At first, I was terribly conflicted. Jolted from the center I sought quietly to invalidate this foreign distraction.  I began immediately to question his motives for prayer and assumed that it was not a desire for God that brought him here; rather a tradition of imposed daily prayers – he was late for Saghrib.  My instincts told me to yield the space to him, to leave; however, my senses were struck by his devotion, the beautiful cadence with which he prayed in whispers, and his willingness to risk an interfaith space well inside foreign religious territory (perhaps he observed that Christians seldom used these spaces). 

Amidst my voyeurism, the Holy Spirit went to work in my heart.  Before the pray-er rolled up his mat, I was under considerable conviction for having judged a fellow pilgrim.  During our shared prayer experience, God silenced my lips, pierced my heart, and invited me to simply watch and listen.  In the silence of my mind I saw this fellow pilgrim against the backdrop of a sheet descended from heaven.  In it, the diverse mass of humanity responded in a myriad of ways to the call of our Creator.  Suddenly, I was aware that the thing which seperated us was, in fact, the thing that bound us.  Our common search for the Divine made us family, human.  Moments later, his mat rolled up, he slowed down just long enough to respect my space and then disappeared into the chaos of the main terminus. 

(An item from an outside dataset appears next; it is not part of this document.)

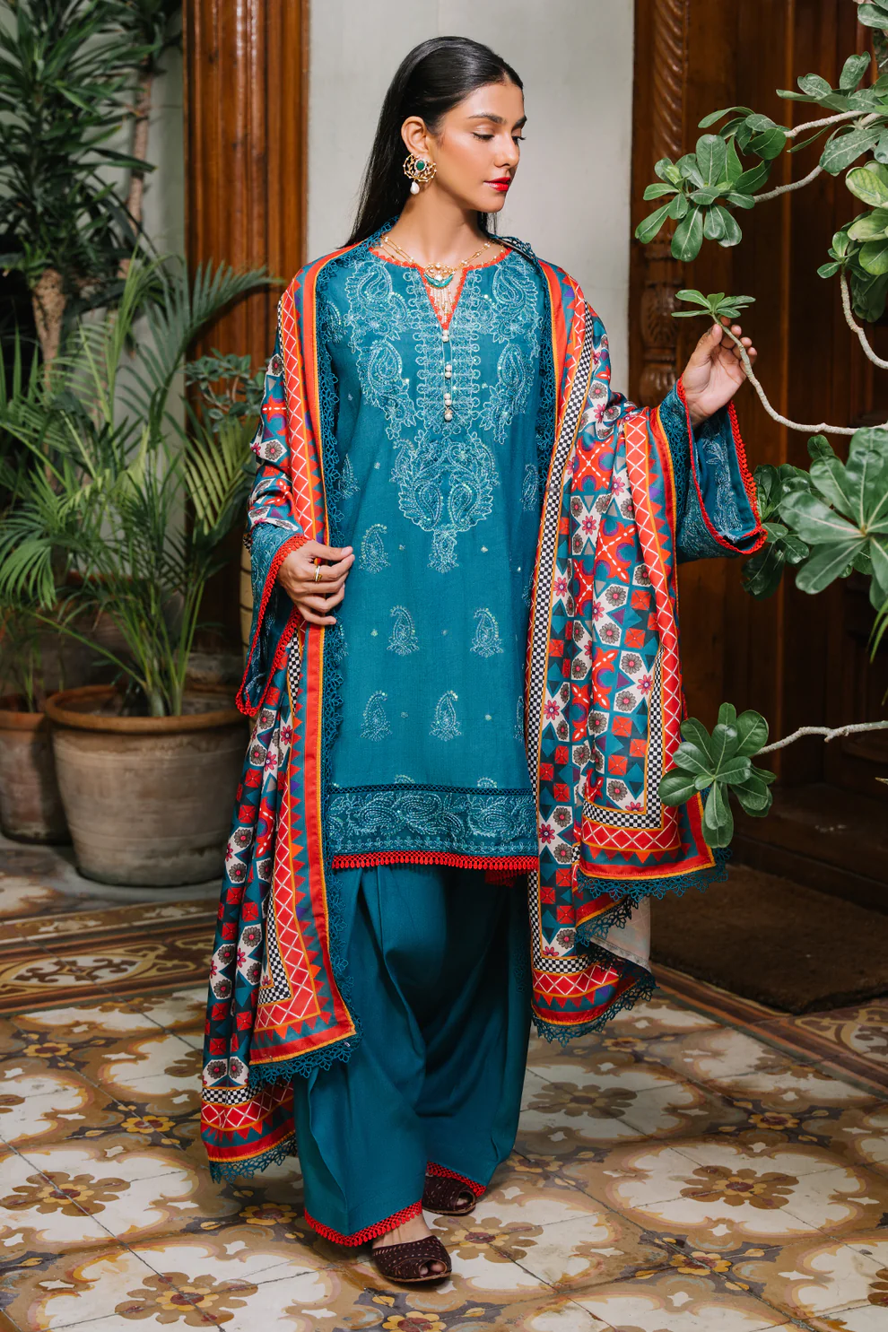 The set includes a printed khaddar shirt, a matching trouser, and a printed khaddar dupatta — giving you a complete winter-ready look with effortless styling.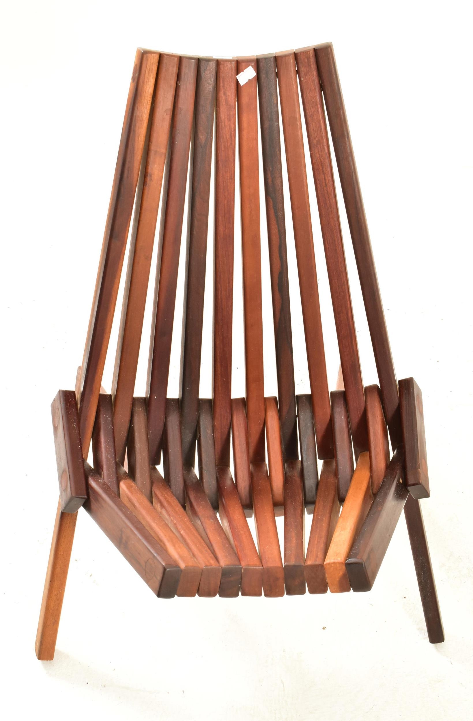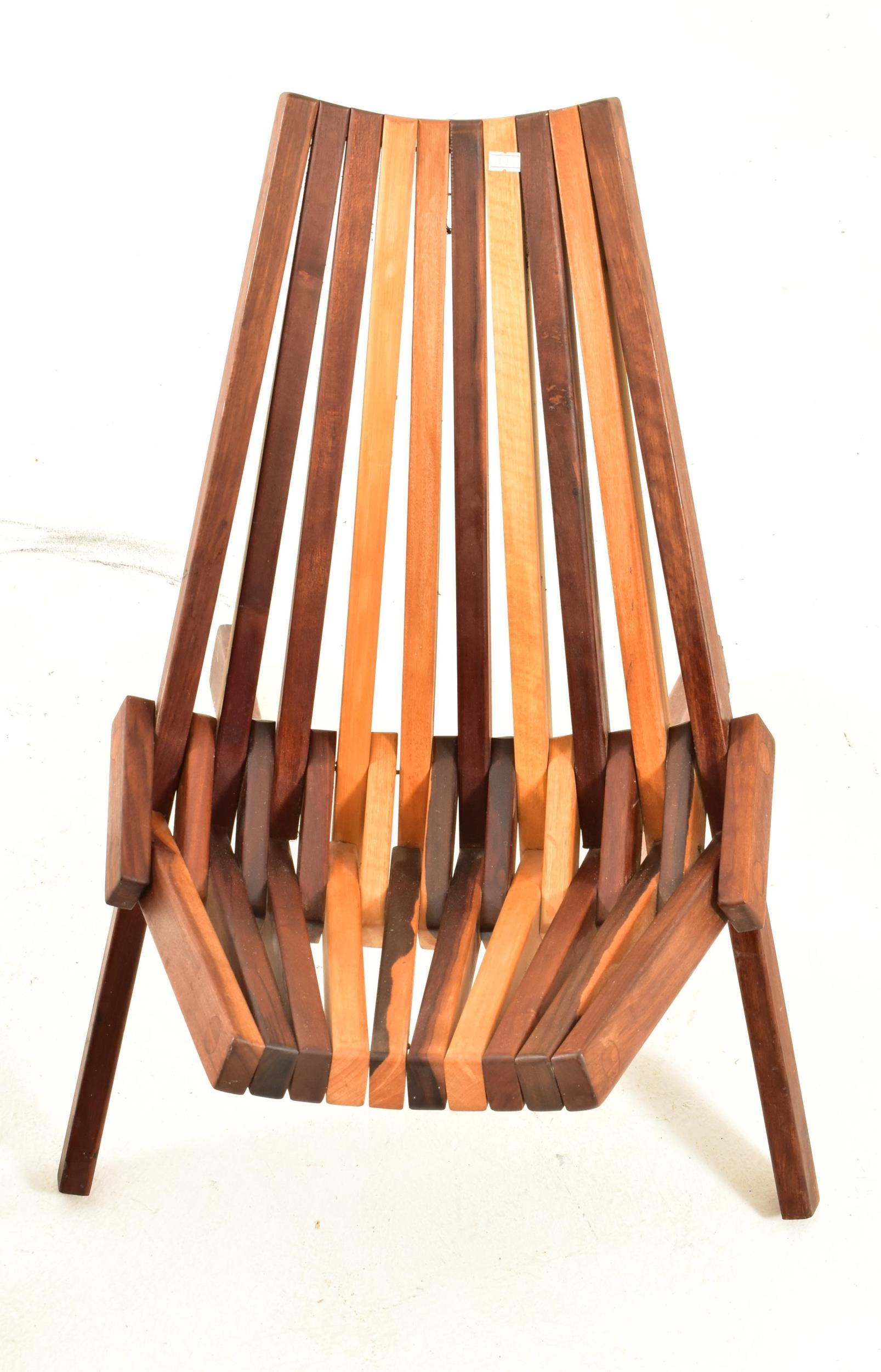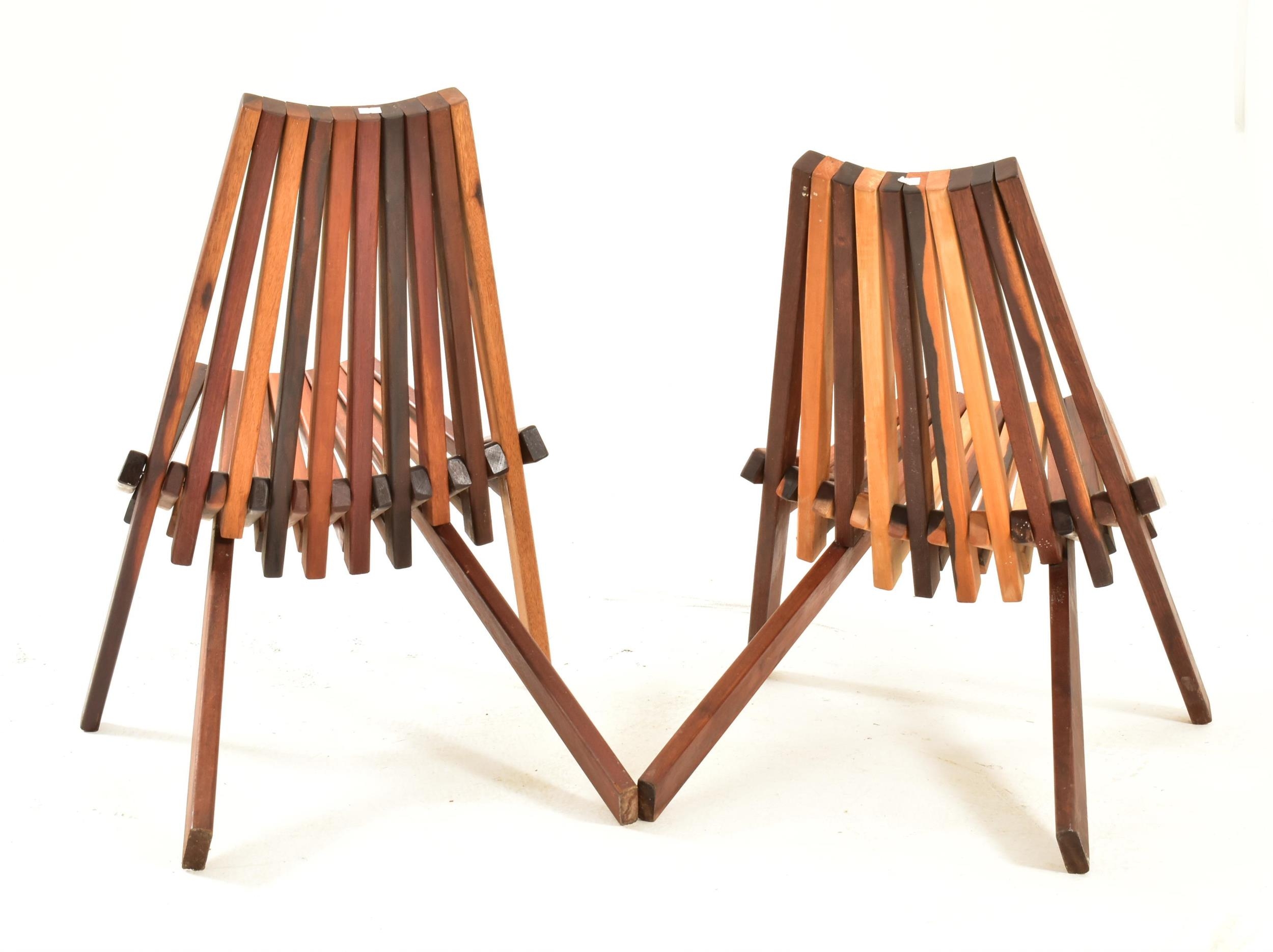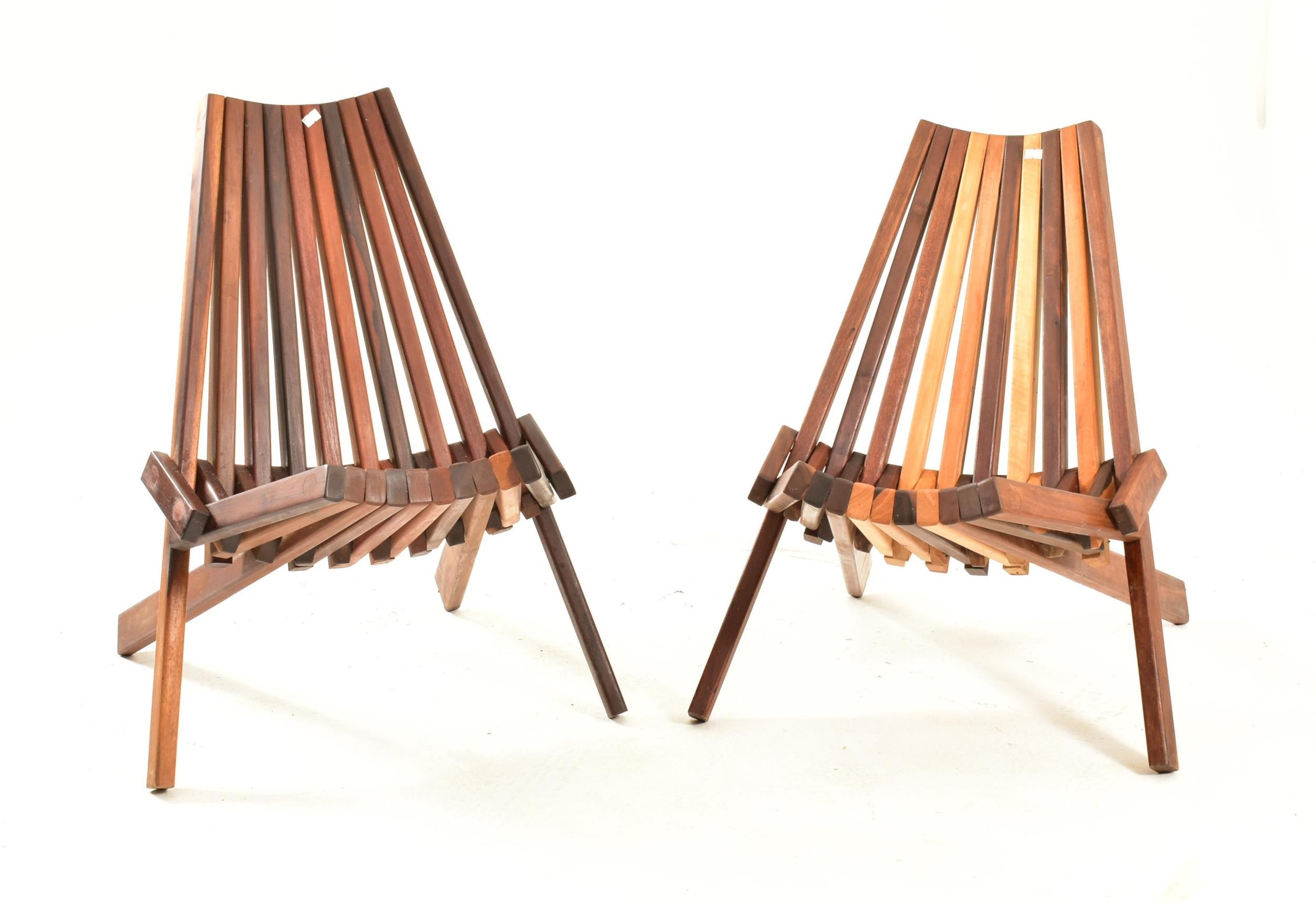 A pair of retro late 20th century Kentucky stick chairs. The folding chairs of birch wood stick construction. Measures approx. 88cm tall, 45cm wide.

One might think that an experience like this would cause doubt in one’s mind or seed a potential crisis of faith.  Surprisingly no; instead, I was never more confident (con + fide = with faith) that the icon in my hand (Jesus as Shepherd) reflected the spirit of the One who makes salvation possible for all, and that “he who began a good work” in us (humanity), would be faithful to complete it.  

In such close proximity I caught a glimpse of humility, justice (in the OT sense of the word), and mystery, and peace reigned.

When have you prayed in the presence of a devout non-Christian?  How did the experience affect or form you?

One thought on “Prayer in the Atlanta Airport

  1. Peace to you. I was intrigued by your blog entry here, as recently I was in an interfaith airport chapel, but in a bit of a reversed scenario. I was one who walked into the chapel where a man was sitting in the back pew. We exchanged glances and a quick nod acknowledging each others presence. I wondered if he thought I was coming to join him on the pews, and thought about his shock/curiousity/thoughts when I went behind him and proceeded to perform my prayers in worship to The Lord.

    Your observation was right on target. Namely, what brought you and that man, and similarly me and my companion to the same place was the calling of the Divine and His desire for us to reflect on His magnificent beauty and His love for us. Muslims and those of other faiths love God and there are those that want to take an extra few minutes to think about the reasons why they love God. And to me, it is a beautiful thing to recognize that there are others that desire the same as well.

    May we all be guided to the Truth of what God has shown us. Ameen/Amen.